3. Agus Harimurti Yudhoyono

Komandan Satuan Tugas Bersama (Kogasma) Partai Demokrat, Agus Harimurti Yudhoyono juga digadang-gadang bakal menempati kursi di Kabinet Jokowi-Ma’ruf Amin. Isu ini mencuat karena beberapa kali AHY -sapaan akrab Agus Harimurti Yudhoyono- melakukan pertemuan dengan Presiden Jokowi.

Saat berada di Akademi Militer (Akmil) Magelang, Agus Harimurti Yudhoyono dinobatkan sebagai lulusan terbaik dan mendapatkan penghargaan Tri Saktiwiratama dan Adhi Makayasa pada tahun 2000.

Pada 2002, setelah lulus dari sekolah kecabangan Infanteri sebagai lulusan terbaik, Agus Harimurti Yudhoyono masuk Komando Strategis Angkatan Darat (Kostrad). Awal karier Agus Harimurti Yudhoyono di dunia militer dengan menjadi Komandan Peleton Batalyon Infanteri Lintas Udara 305/Tengkorak, jajaran Brigif Linud 17 Kostrad.

Setelah itu Agus Harimurti Yudhoyono dikirim ke Aceh guna menyelesaikan kasus pemberontakan Aceh pada 2002. Kembali dari Aceh, Agus Harimurti Yudhoyono mengikuti Kursus Pasiops di Pusat Pendidikan Infanteri Pusat Kesenjataan Infanteri Bandung dan meraih predikat lulusan terbaik.

Pada 2005, Agus Harimurti Yudhoyono melanjutkan pendidikan masternya di Rajaratnam School of International Studies, Nanyang Technological University, Singapura.

Kemudian pada 2008 Agus Harimurti Yudhoyono ditugaskan untuk membantu Kementerian Pertahanan merealisasikan pendirian Universitas Pertahanan Indonesia yang merupakan gagasan mantan presiden ke-6 RI, Susilo Bambang Yudhoyono. Tugas Agus Harimurti Yudhoyono di Kementerian Pertahanan adalah sebagai Kepala Seksi Amerika di Direktorat Jenderal Strategi Pertahanan.

Setelah menyelesaikan studinya di Sekolah Lanjutan Perwira di Fort Benning, Amerika Serikat, Agus Harimurti Yudhoyono ditugaskan menjadi Kepala Seksi 2 Operasi di Satuan elit Kostrad, Brigade Infanteri Lintas Udara 17.

Pada Juni 2014, Agus Harimurti Yudhoyono kembali ke Amerika Serikat untuk melanjutkan studinya di Sekolah Staff Komando Angkatan Darat (Seskoad).

Setelah lulus, Agus Harimurti Yudhoyono diangkat menjadi Komandan Batalyon (Danyon) Infanteri Mekanis 203/Arya Kemuning.

Agus Harimurti Yudhoyono memutuskan meninggalkan kariernya dalam dunia militer saat Agus Harimurti Yudhoyono menjadi calon Gubernur DKI Jakarta pada 2017 silam.‎ Setelah rehat dari dunia militer, Agus Harimurti Yudhoyono lebih memilih menggeluti dunia politik.
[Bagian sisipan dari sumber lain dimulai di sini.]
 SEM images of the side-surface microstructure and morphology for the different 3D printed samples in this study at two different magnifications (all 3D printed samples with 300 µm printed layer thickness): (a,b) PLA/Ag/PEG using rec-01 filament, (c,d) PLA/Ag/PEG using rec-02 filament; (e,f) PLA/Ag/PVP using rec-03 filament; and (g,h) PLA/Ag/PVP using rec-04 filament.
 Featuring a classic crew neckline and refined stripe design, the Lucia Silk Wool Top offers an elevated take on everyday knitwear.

Pada 2017, Agus Harimurti Yudhoyono meresmikan lembaga yang dipimpinnya, The Yudhoyono Institute.
Tujuan dari didirikannya The Yudhoyono Institute adalah menyiapkan kader-kader pemimpin bangsa yang unggul di masa depan dalam rangka mewujudkan Indonesia Emas 2045.

‎4. Achmad Zaky

CEO Bukalapak ini juga digadang-gadang bakal menjadi kandidat menteri Jokowo-Ma’ruf Amin di Kabinet Kerja jilid II.
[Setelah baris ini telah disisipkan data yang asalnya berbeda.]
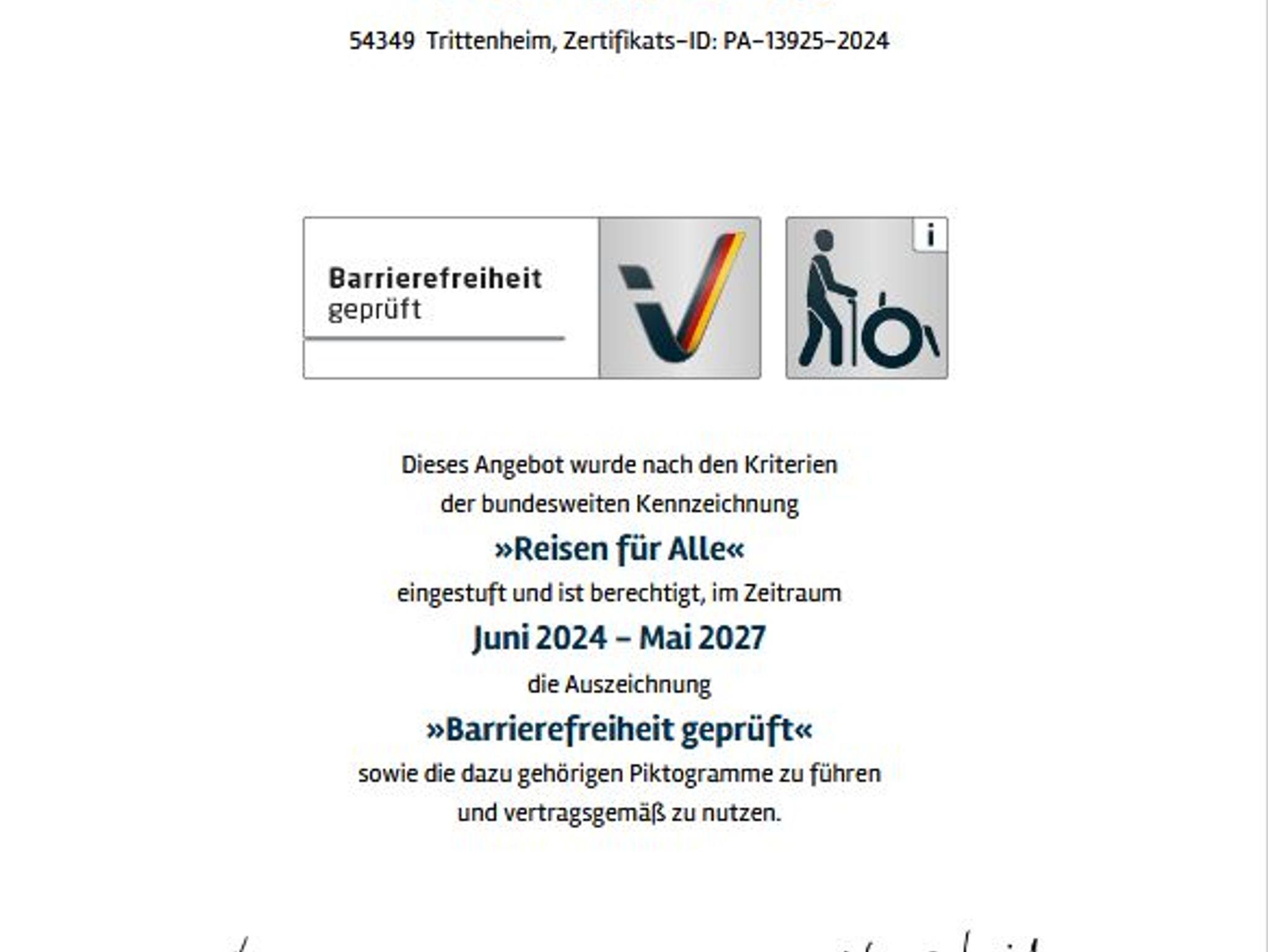 Unser Haus wurde nach den Kriterien der bundesweiten Kennzeichnug Reisen für Alle eingestuft und ist berechtigt, die Auszeichnung Barrierefreiheit geprüft zu nutzen.
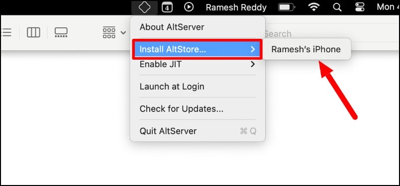 - 5단계: 이제 iPhone을 Mac에 연결하세요. 상단의 AltServer 아이콘을 클릭 하고 Alts 설치 스토어를 클릭한 후 설치하려는 iPhone을 선택하세요. iPhone에서 신뢰를 클릭합니다 몇 초 후에 Altstore가 iPhone에 설치되기 시작합니다.
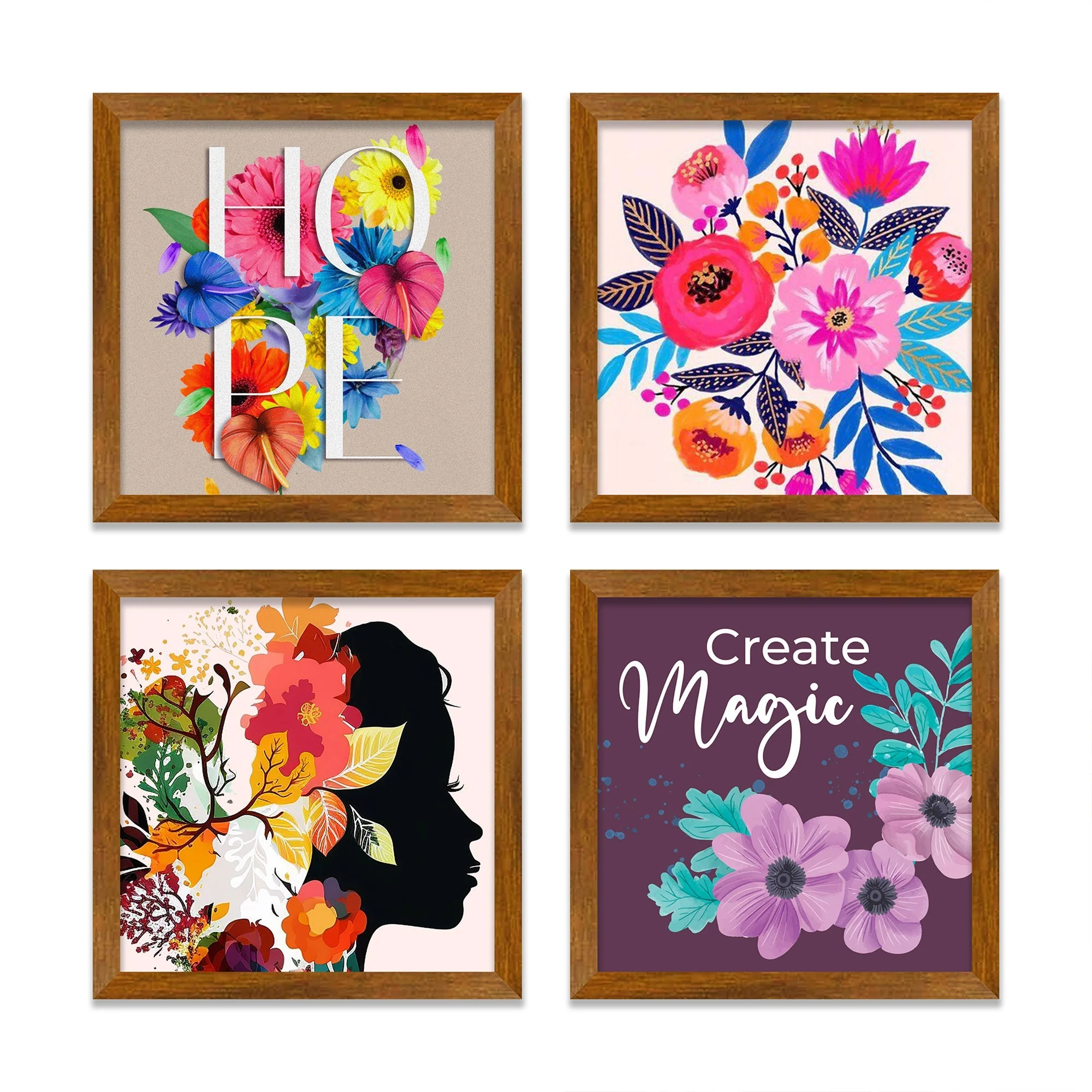 Beautiful Colorful Decorative Flower Art Wall Frame Set of Four
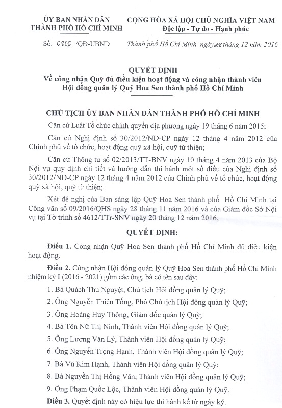Theo đó, UBND TP.HCM công nhận hội đồng quản lý Quỹ Hoa Sen nhiệm kỳ I (2016 - 2021) gồm 09 thành viên.
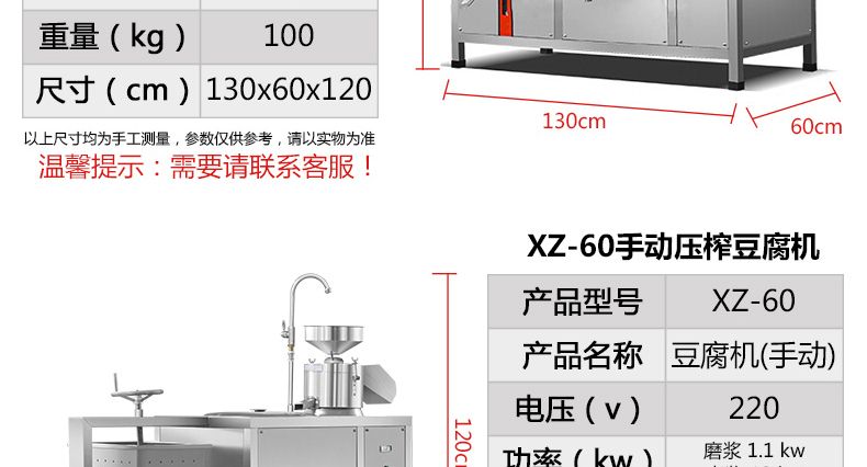 型號(hào) | XZ-60豆腐機(jī) | XZ-61豆腐機(jī) | XZ-100豆腐機(jī) |
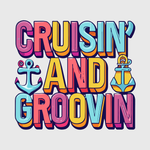 Feel the rhythm of the waves with this vibrant Cruisin’ and Groovin’ design. Perfect for casual tops or tank tops, this colorful graphic captures the fun and carefree vibes of a cruise. Ideal for anyone who loves to groove to the sounds of the sea.
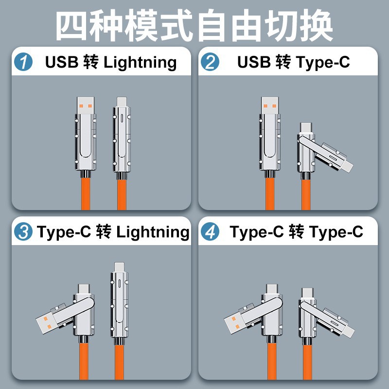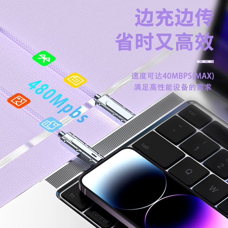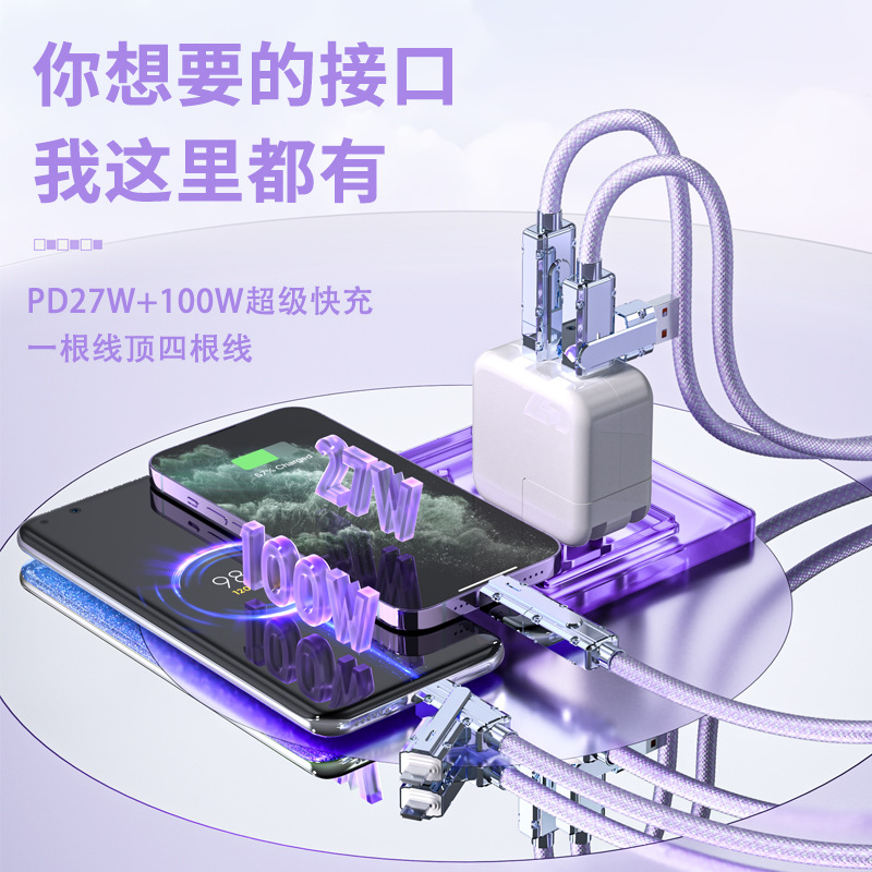 100W二拖二数据线适用苹果PD27W快充华为66W超级快充一拖四数据线

Karier Zaky berawal dari keaktifannya di dunia teknologi dan entrepreneurship sewaktu di ITB. Ia mendapatkan tawaran mengerjakan software quickcount pemilu dengan nilai 1,5 juta untuk sebuah stasiun televisi nasional. Setelah lulus dari ITB, ia mendirikan perusahaan jasa konsultasi teknologi bernama Suitmedia.

Zaky juga pernah sempat mencoba untuk membuka usaha kuliner mi ayam dengan sewaktu kuliah yang akhirnya bangkrut. Zaky menghabiskan seluruh uang hasil menang dari berbagai perlombaan.

Bermodal pengalaman membangun sistem IT banyak perusahaan besar, Zaky lantas terpikir untuk membuat sesuatu yang lebih bermanfaat bagi banyak orang. Dari sinilah, Bukalapak.com mulai dirintis pada tahun 2010. Ia bermimpi untuk mengubah hidup banyak orang dengan memajukan UMKM lewat internet. Code base Bukalapak diselesaikan dalam waktu dua bulan. Awalnya, Zaky mengajak para pedagang di mall untuk bergabung di Bukalapak. Tetapi, respon yang diberikan oleh mereka sangat kecil.

Klien pertama yang ia dapat justru dari pedagang kecil. Ketika ditanya mengapa mereka mau bergabung, alasannya adalah karena barang mereka di toko tidak laku. Karena itu, mereka meminta bantuan Zaky untuk menjualnya di Bukalapak. Sejak itu, Ia pun memfokuskan diri mengajak para pelaku UMKM yang belum begitu berkembang. Pada tahun 2011, sudah ada sekitar 10.000 pedagang yang bergabung di Bukalapak.

Pertumbuhan Bukalapak yang sangat pesat menarik minat banyak investor untuk menanamkan modal di Bukalapak. Beberapa di antaranya adalah 500 Startups, Batavia Incubator, IMJ Investment, dan juga Elang Mahkota Teknologi Tbk (EMTEK Group).